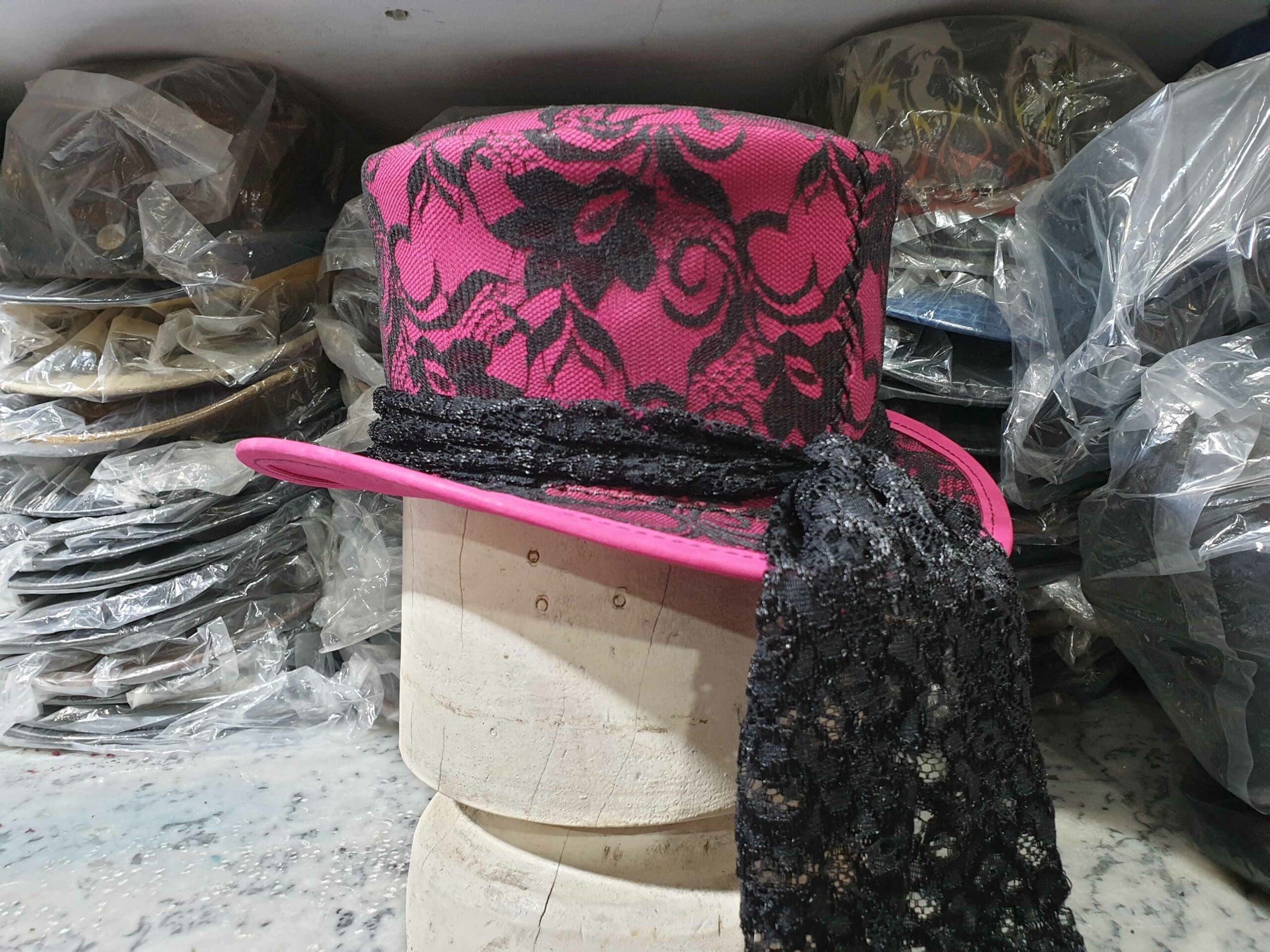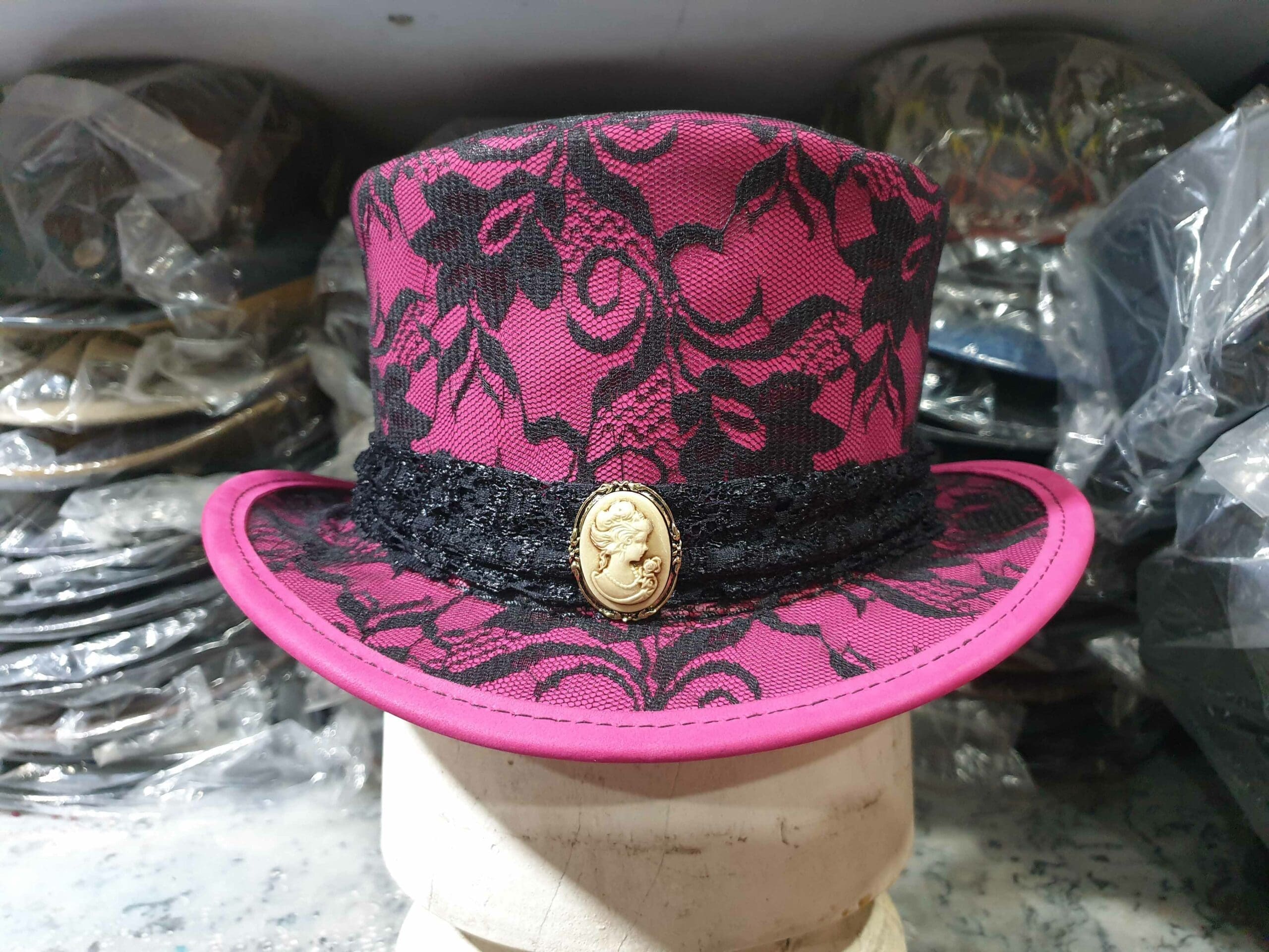 Specification: Steampunk Black Crusty Band Pink Leather Ladies Top Hat
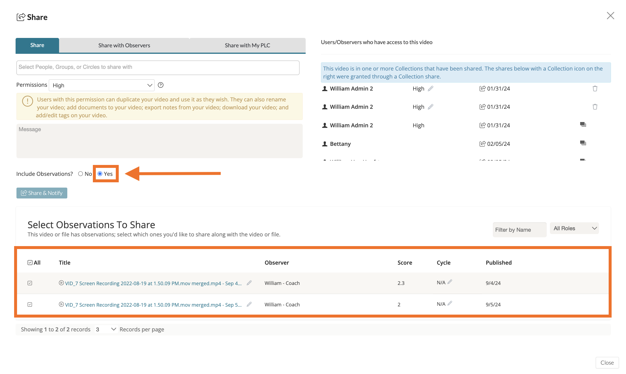 You will then see the 'Select Observations to Share' list. Choose the observations you would like to include and then select 'Share & Notify.'
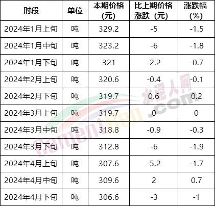 國(guó)家統(tǒng)計(jì)局2024年4月下旬流通領(lǐng)域普通硅酸鹽水泥(P.O42.5袋裝)均價(jià)為351.9元/噸,環(huán)比4月中旬降價(jià)5.5元/噸。普通硅酸鹽水泥(P.O42.5散裝)均價(jià)306.6元/噸,環(huán)比4月中旬下跌3元/噸。
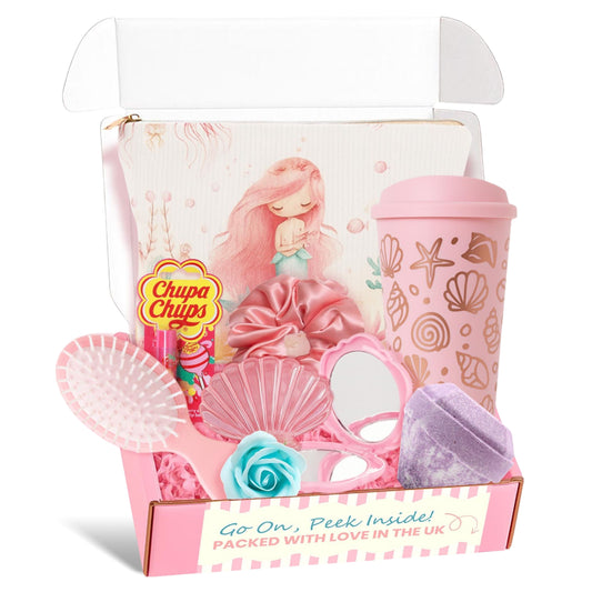 Hug in a Box – Mermaid Treasure Pamper Set for Girls with Cosmetic Bag, Cup, Bath Bomb, Lip Balm, Hair Accessories & Soap Flower
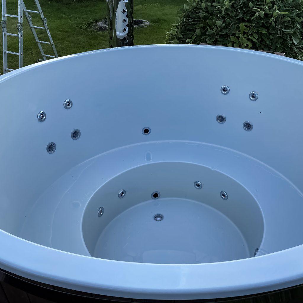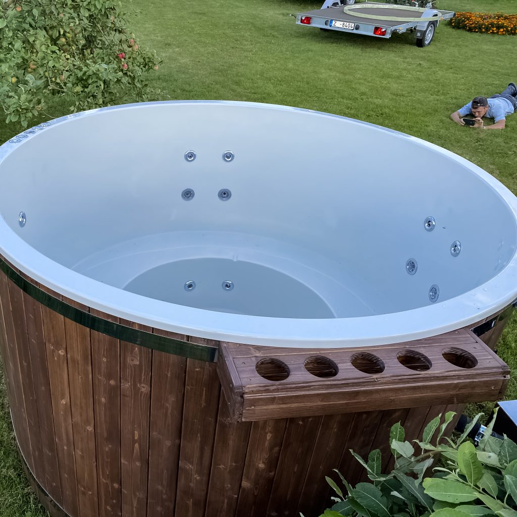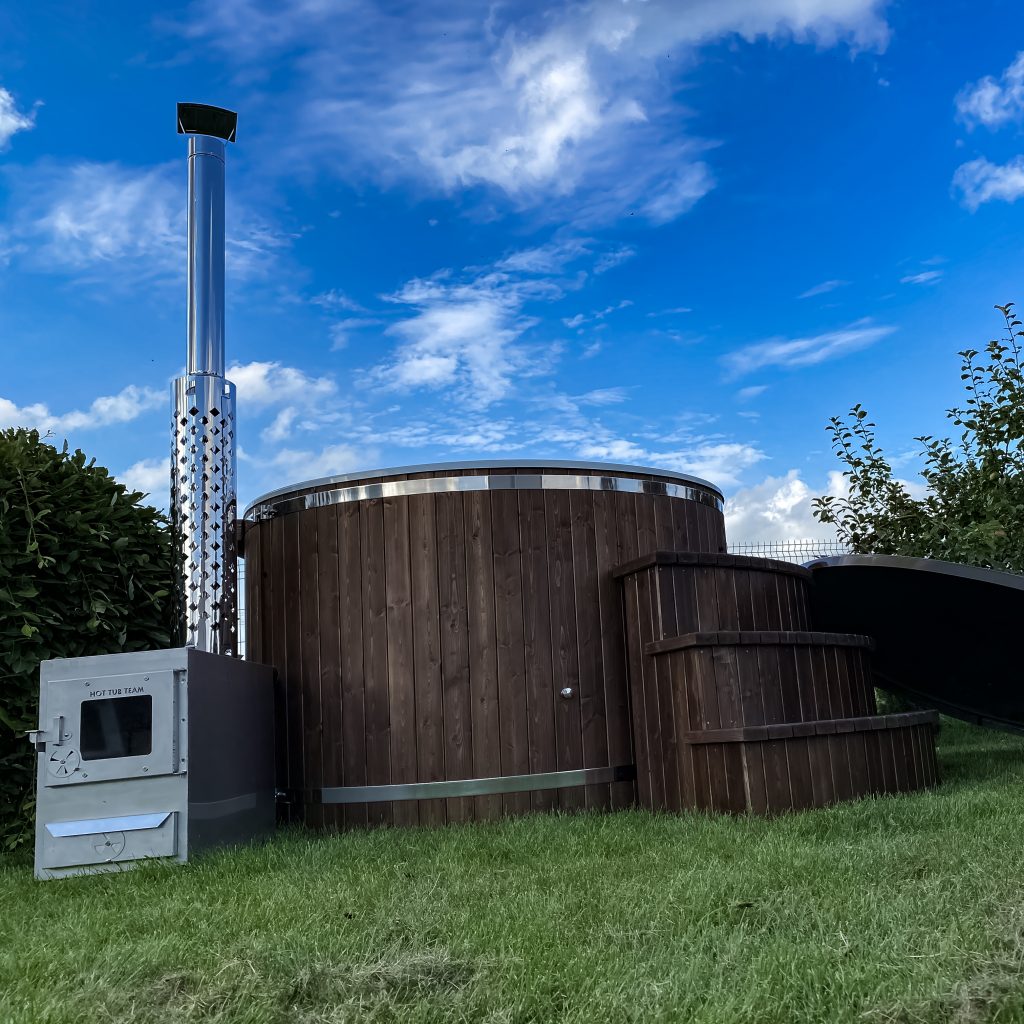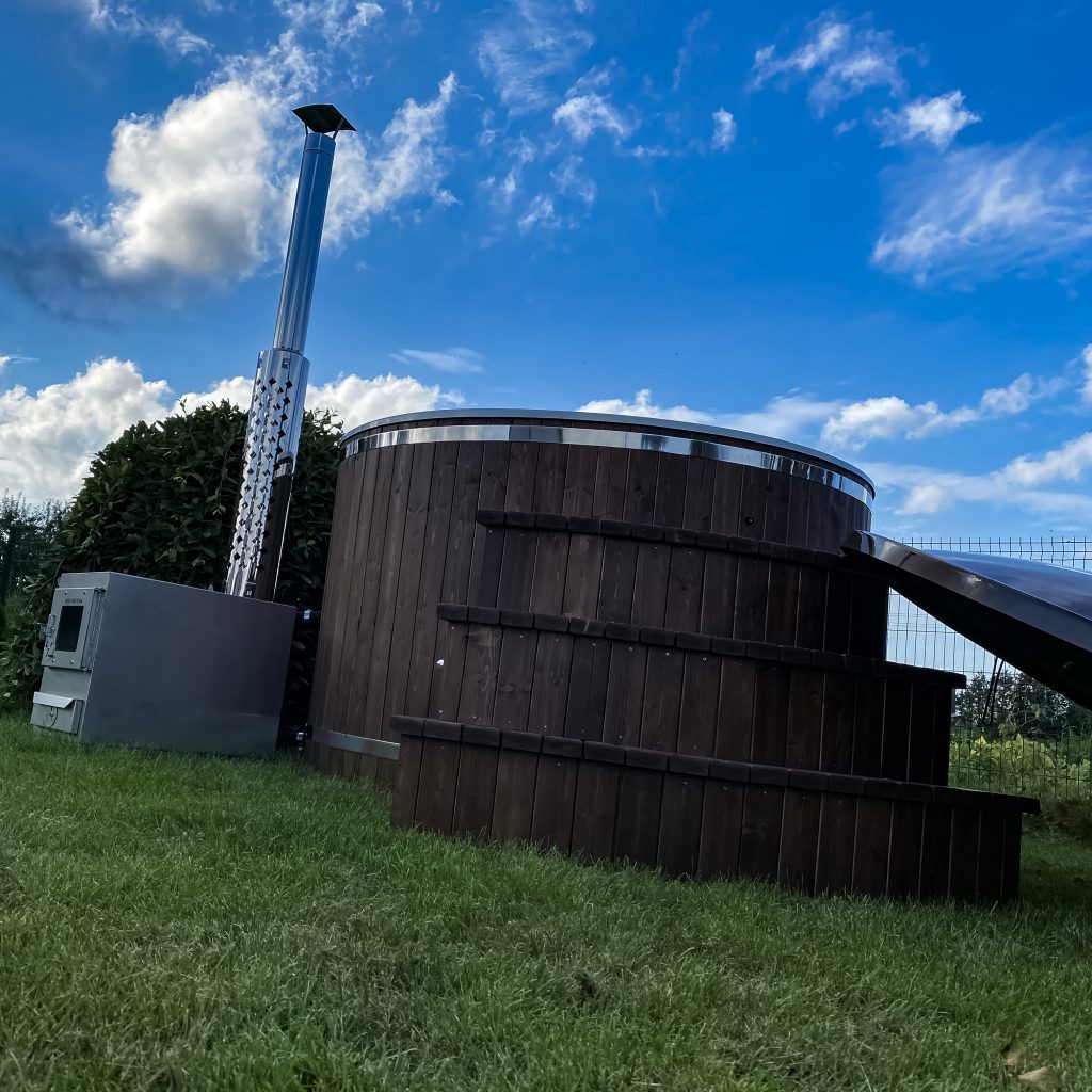 Hot tub with external stove, 26-jet hydromassage, integrated LED

TRY IT
Take the line containing "You will then" and every line after it through the end of the data, and write them out exactly, with no pictures.

ANSWER BELOW
 You will then see the 'Select Observations to Share' list. Choose the observations you would like to include and then select 'Share & Notify.'
 國(guó)家統(tǒng)計(jì)局2024年4月下旬流通領(lǐng)域普通硅酸鹽水泥(P.O42.5袋裝)均價(jià)為351.9元/噸,環(huán)比4月中旬降價(jià)5.5元/噸。普通硅酸鹽水泥(P.O42.5散裝)均價(jià)306.6元/噸,環(huán)比4月中旬下跌3元/噸。
 Hug in a Box – Mermaid Treasure Pamper Set for Girls with Cosmetic Bag, Cup, Bath Bomb, Lip Balm, Hair Accessories & Soap Flower
 Hot tub with external stove, 26-jet hydromassage, integrated LED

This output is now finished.